● **Activity**
Repeat the lines from the one containing "BEKASI – Sekolah" through the last line of the data, exactly, pictures omitted.

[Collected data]
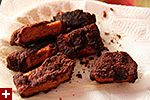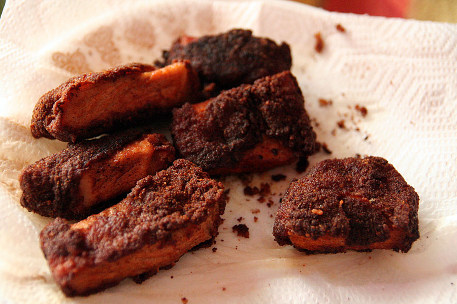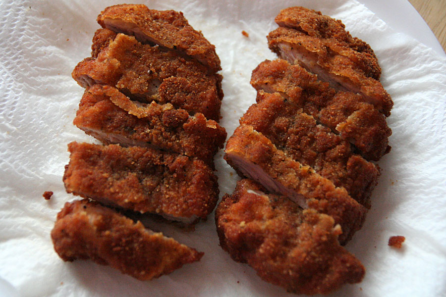 they were still raw. i ended up cutting them up into slices and re-frying them. the final results looked more jerky than cutlet, as i fished them out and placed them on a napkin on a plate to soak up some of the excess oil. on my second attempt with the last two cutlets, i actually turned off the heat and let the cutlets slow cook in the oil. these turned out much better, although still a poor facsimile to the tonkatsu you'd find in restaurants.
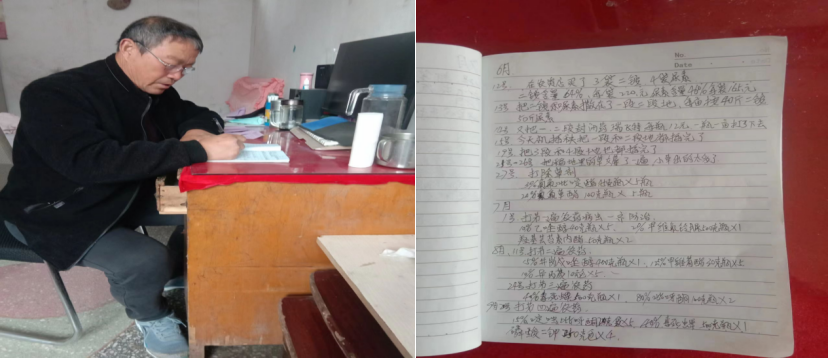 “6月12号,在农资店买了3袋二胺,4袋尿素。二胺含量64%,每袋220元,尿素含量46%,每袋165元;6月13号,把二胺和尿素洒在了一段二段地,每亩按40斤二胺50斤尿素……”在徐州市沛县农调户刘瑞海的日记本上,工工整整地记录着他从事13年农本调查工作的点点滴滴,朴实无华的文字映现出这位老农民细致入微的工作态度。他常对大家说,我要坚持一笔一笔记录好这些数据,完成好调查任务,努力陪伴农本调查走过下一个十年。
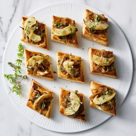 Every holiday celebration needs an easy and elegant appetizer to keep guests satisfied until the main event. This recipe from Chef Justine Kelly is just the thing: simple, pretty and delicious, with caramelized onions, apples and grated Gruyère cheese atop store-bought puff pastry.
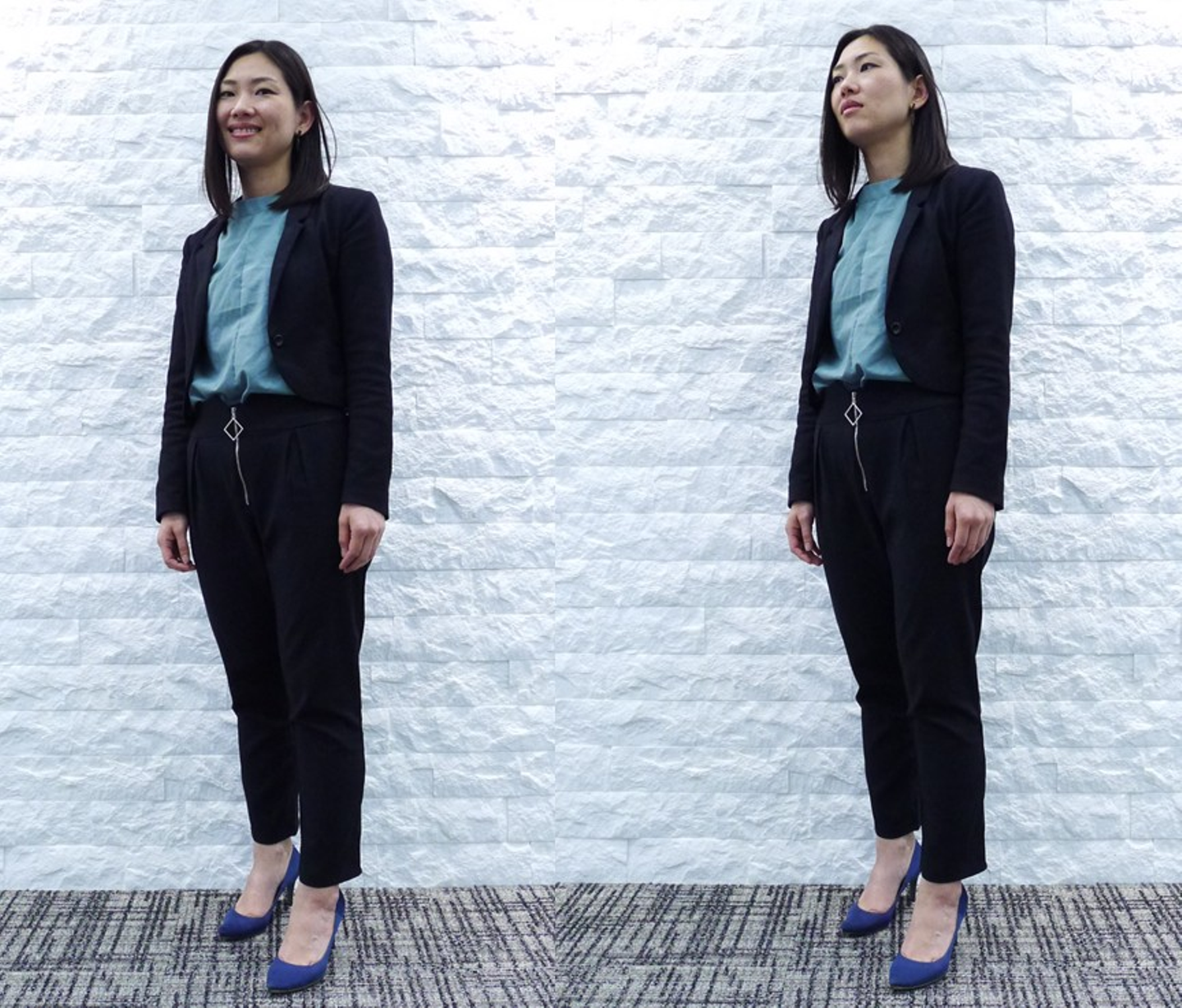 流行りのボリューム袖に、色味の違うブルーで爽やかにまとめている岡野さん。
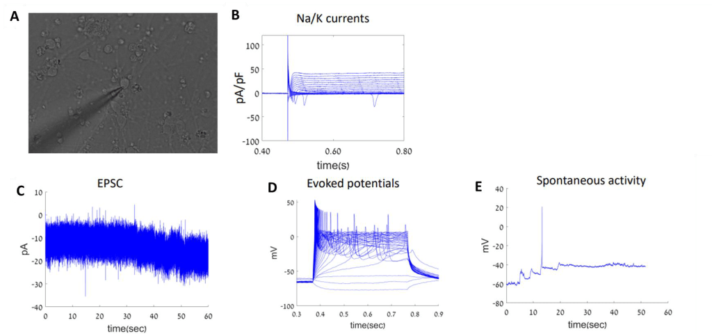 Figure 2. (A) An image of the cells during the experiment. The patch pipette is visible on the left. (B) The Sodium/potassium currents were recorded in voltage clamp mode with test potentials of -100 mV to 90 mV. (C) Excitatory postsynaptic currents (EPSCs) were recorded in voltage clamp mode while clamping the cell at -60 mV. (D) Evoked action potentials were recorded in current clamp mode starting with a current injection 12 pA below what is needed to hold the neuron at – 60 mV and with 3pA current steps. (E) Spontaneous activity was recorded in current clamp mode with a current injection needed for a membrane potential of -45 mV.
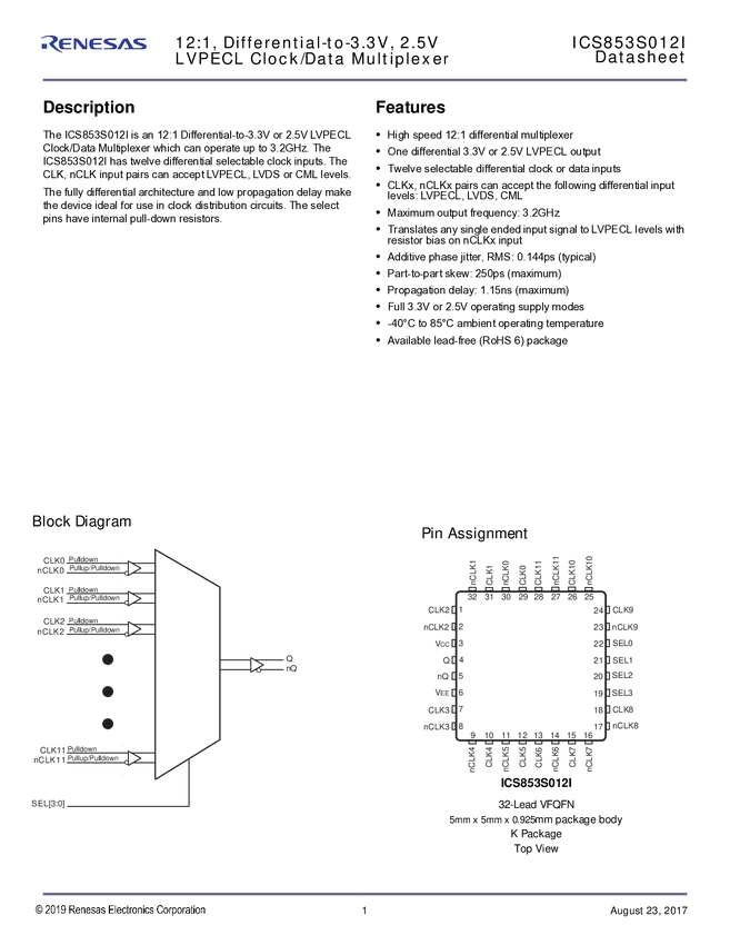 853S012I 12:1 Differential-to-3.3V,2.5V LVPECL Clock/Data Multiplexer
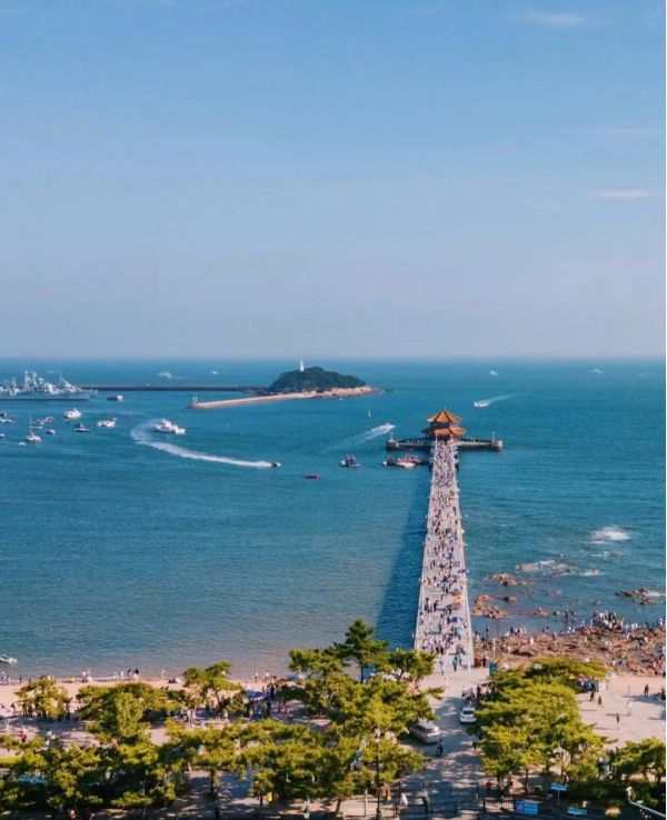 棧橋是青島海濱風景區的景點之一,首批國家AAAA級旅游景區 ,位于中山路南端,橋身從海岸探入如彎月般的青島灣深處。
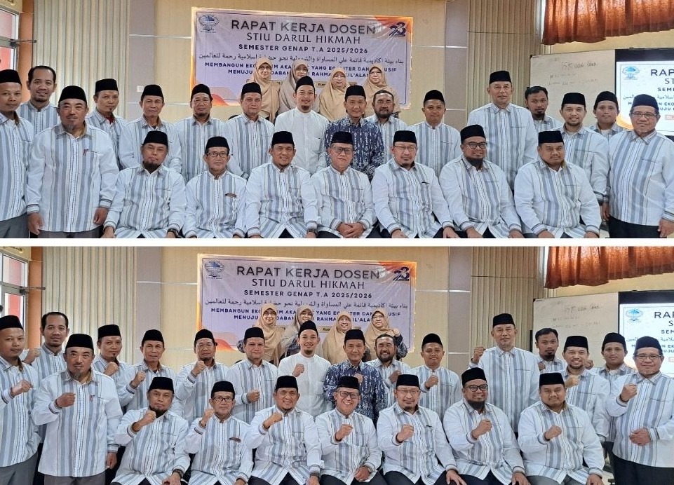 BEKASI – Sekolah Tinggi Ilmu Ushuluddin (STIU) Darul Hikmah menyelenggarakan Rapat Kerja Dosen untuk menyambut Semester Genap Tahun Akademik 2025-2026 pada Senin (19/01/2026). Acara yang berlangsung di kampus STIU Darul Hikmah ini dihadiri oleh jajaran pimpinan, staf prodi, serta para dosen di lingkungan kampus.
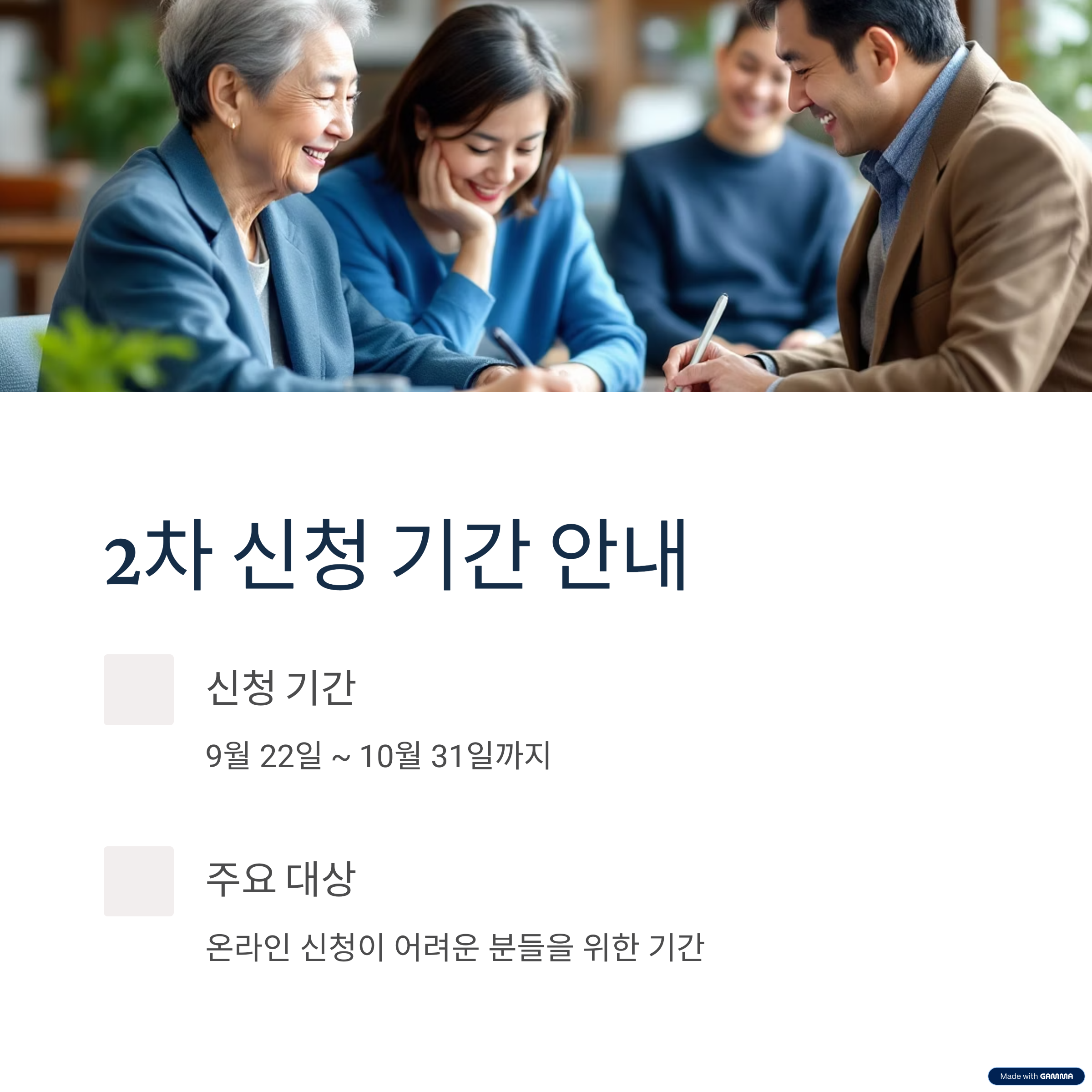 A2. 네, 2차는 9월 22일부터 10월 31일 사이에 신청하며, 금액은 1인당 10만원입니다
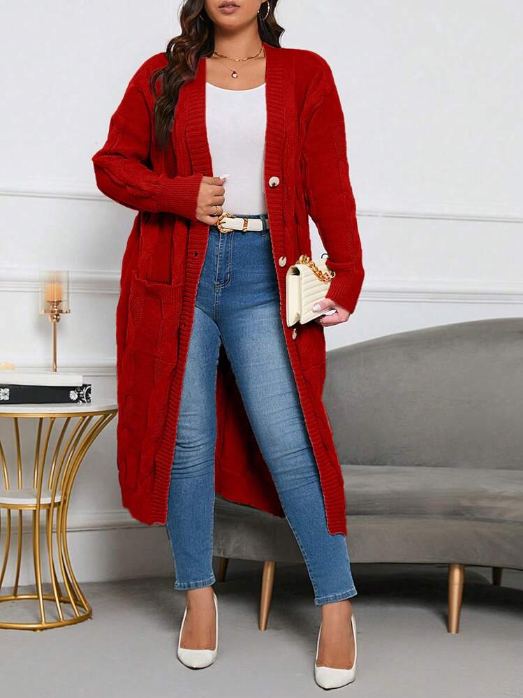 SHEIN LUNE Suéter En Cardigan Largo Para Mujer De Talla Grande Con Cierre De Botones Y Color Sólido | Mode de Mujer | SHEIN España
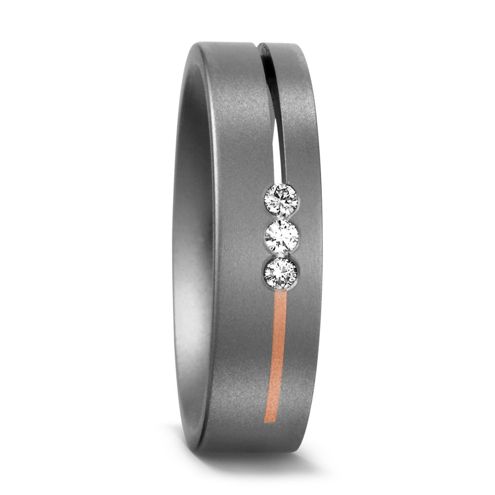 Partnerring Titanium, 750/18K rood goud Diamant 0.06 ct, 3 Steen, w-si

● **Response to the task**
 BEKASI – Sekolah Tinggi Ilmu Ushuluddin (STIU) Darul Hikmah menyelenggarakan Rapat Kerja Dosen untuk menyambut Semester Genap Tahun Akademik 2025-2026 pada Senin (19/01/2026). Acara yang berlangsung di kampus STIU Darul Hikmah ini dihadiri oleh jajaran pimpinan, staf prodi, serta para dosen di lingkungan kampus.
 A2. 네, 2차는 9월 22일부터 10월 31일 사이에 신청하며, 금액은 1인당 10만원입니다
 SHEIN LUNE Suéter En Cardigan Largo Para Mujer De Talla Grande Con Cierre De Botones Y Color Sólido | Mode de Mujer | SHEIN España
 Partnerring Titanium, 750/18K rood goud Diamant 0.06 ct, 3 Steen, w-si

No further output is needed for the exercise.